EXERCISE DESCRIPTION: Wherever a picture appears, skip it and retype the rest of the data exactly.

SUPPLIED DATA:
○ ○ ○ ○ ○ ○ ○

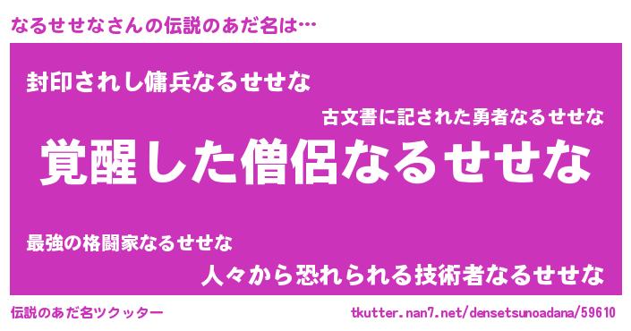 | 女子向けラノベタイトル風あだ名 | 『なるせせなストレイドッグス』 |
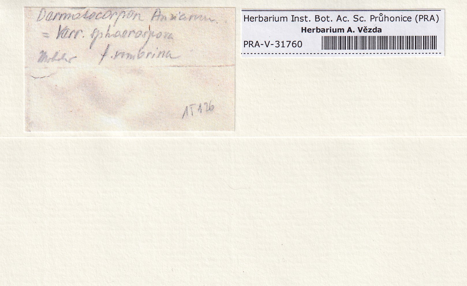 - Deposited in parcel no. 116 Dermatocarpon
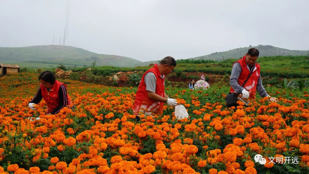 在采摘的过程中,大家还关切地向花农了解情况,倾听花农的所想、所难、所盼。

○ ○ ○ ○ ○ ○ ○

OUTPUT FOR THIS EXERCISE:
 | 女子向けラノベタイトル風あだ名 | 『なるせせなストレイドッグス』 |
 - Deposited in parcel no. 116 Dermatocarpon
 在采摘的过程中,大家还关切地向花农了解情况,倾听花农的所想、所难、所盼。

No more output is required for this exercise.